Sin un tú no hay un yo. Sin el otro, no soy  yo mismo. El tú es la condición del yo y de mi libertad. El tú es el otro. Los otros están ahí, siempre ahí, para mi suerte o mi desgracia. Es cierto que existen por sí mismos y no en función mía. Ellos y yo entramos en relaciones mutuas. Y desde ese momento, influyen en mí: me reportan alegría o me ocasionan molestias, me proporcionan felicidad o me infligen dolor.

Los otros son una presencia permanente, imposible de conjurar. De algún modo, nos debemos a ellos. No quisiéramos vivir con ellos y, sin embargo, no podríamos vivir sin ellos. Sería fantástico vivir sin deberles nada, sin tener que agradecerles nada. Así, no podrían pasarnos factura por favores actuales o pasados. Muy a pesar nuestro, les debemos mucho de lo que somos.

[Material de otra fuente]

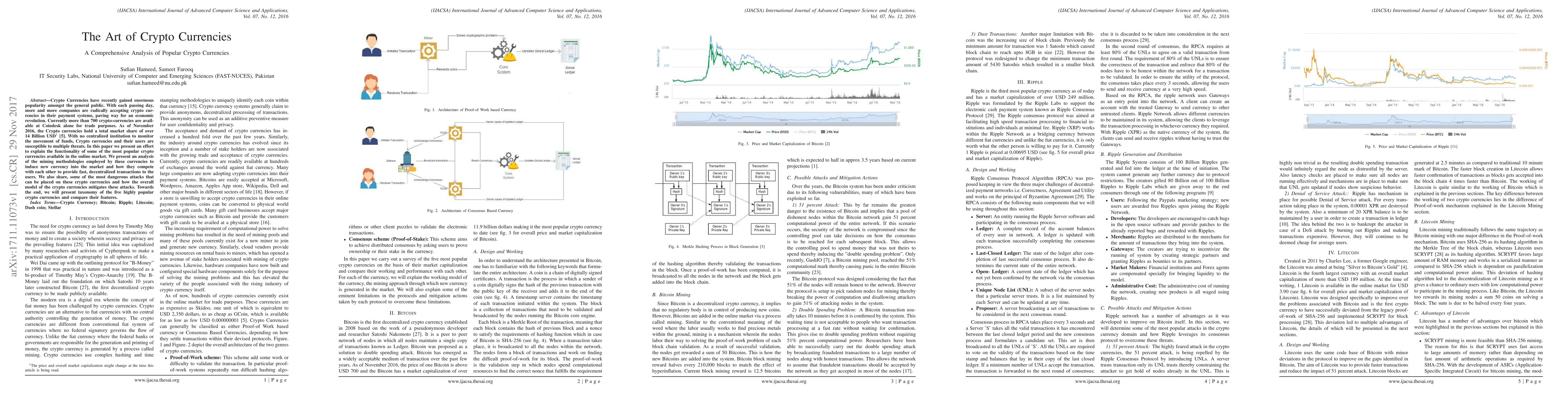 Crypto Currencies have recently gained enormous popularity amongst the general public. With each passing day, more and more companies are radically accepting crypto cur-rencies in their payment systems, paving way for an economic revolution. Currently more than 700 crypto-currencies are avail-able at Coindesk alone for trade purposes. As of November 2016, the Crypto currencies hold a total market share of over 14 Billion USD1 [5]. With no centralized institution to monitor the movement of funds, Crypto currencies and their users are susceptible to multiple threats. In this paper we present an effort to explain the functionality of some of the most popular crypto currencies available in the online market. We present an analysis of the mining methodologies employed by these currencies to induce new currency into the market and how they compete with each other to provide fast, decentralized transactions to the users. We also share, some of the most dangerous attacks that can be placed on these crypto currencies and how the overall model of the crypto currencies mitigates these attacks. Towards the end, we will present taxonomy of the five highly popular crypto currencies and compare their features.
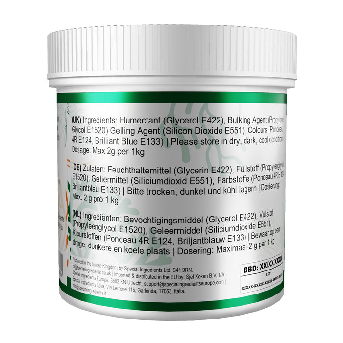 Ingredients: Humectant (Glycerol E422), Bulking Agent (Propylene Glycol E1520) Gelling Agent (Silicon Dioxide E551), Colours (Ponceau 4R E124, Brilliant Blue E133). E124: may have an adverse effect on activity and attention in children.
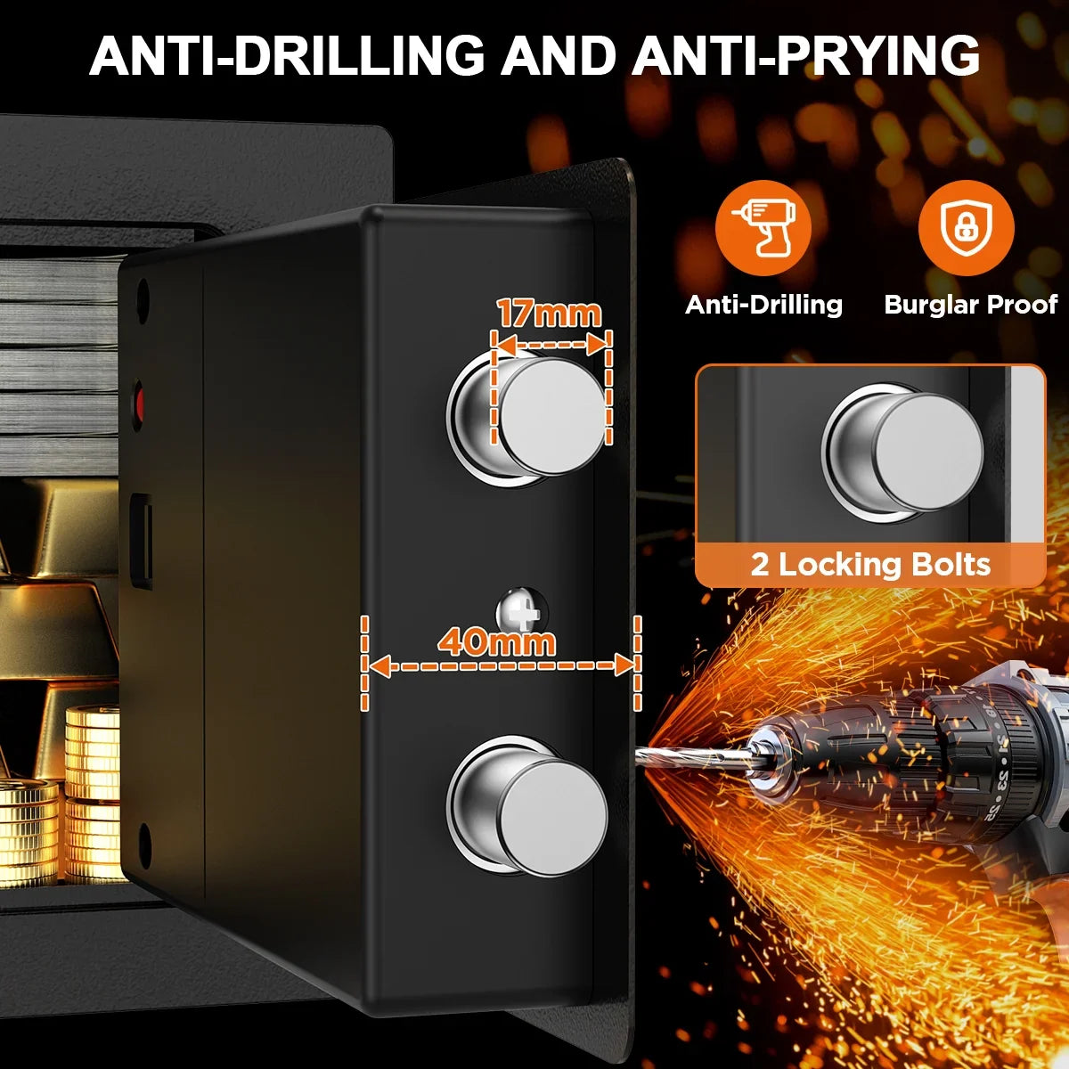 ✅【Easy Installation】This home safe box has a wall-mountable design, including 2 expansion bolts and 2 pre-drilled installation holes. Using just two bolts, you can hide it in a closet, embedded in the wall, and on a shelf. This means that thieves can't take it away easily.
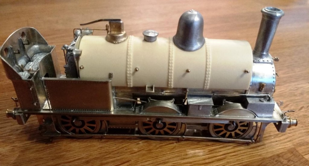 The steps have been attached, as have the sandboxes. Those steps on the coupling rod ‘splashers’ were the very devil to attach. It would have been easy if John had three hands! The photos show some flux corrosion even though he rinsed it after each modelling session. A horrible glass fibre pen will need to be used which John has learned to use under water to minimise bits of fibreglass getting in his fingers.

Esta deuda que les tenemos es casi impagable. Estamos obligados a tolerarlos, con todas sus necedades y exigencias. No hay modo de zafarnos de ellos.

Si los otros no son el infierno, se le asemejan bastante. Los otros ponen a prueba mi paciencia y mi firmeza. Me obligan a soportarles y a enfrentarles. Soportándoles y, a veces, enfrentándoles, me fortalezco frente a ellos, aprendo a quererme más y a conocerme mejor.

El otro es un intruso que amenaza mi libertad individual. Llega sin que lo llame o toma mi llamada como pretexto para quedarse. Irrumpe en mi vida íntima,  invade mi espacio, cuestiona sin razón alguna mis actos y decisiones. El otro quiere adueñarse de mi tiempo y controlar mi destino. No respeta formas ni costumbres ajenas. Establece conmigo relaciones directas –de amor, de amistad, de compañerismo-, y ello le basta para creerse con derecho a disponer de mi vida.

El otro se excede siempre que puede, se atreve demasiado, pues no reconoce límites en ese otro que para él soy  yo. El otro es el perfecto intruso.

Lo grave del caso es que estamos condenados a convivir con el otro, con los otros. Aunque fuésemos Robinson Crusoe, no podríamos escapar de ellos. Sin duda, los otros nos harían una visita inesperada, nada grata, en nuestra isla solitaria.

Los filósofos suelen mistificar al otro, tomándole como objeto ideal y no como sujeto real. No es que el otro carezca de dignidad o no merezca respeto. En verdad, es tan digno y merecedor de respeto como el propio yo. Pero cuando se atreve a violar nuestro espacio íntimo y a pisotear nuestra libertad, pierde en el acto todo derecho y consideración.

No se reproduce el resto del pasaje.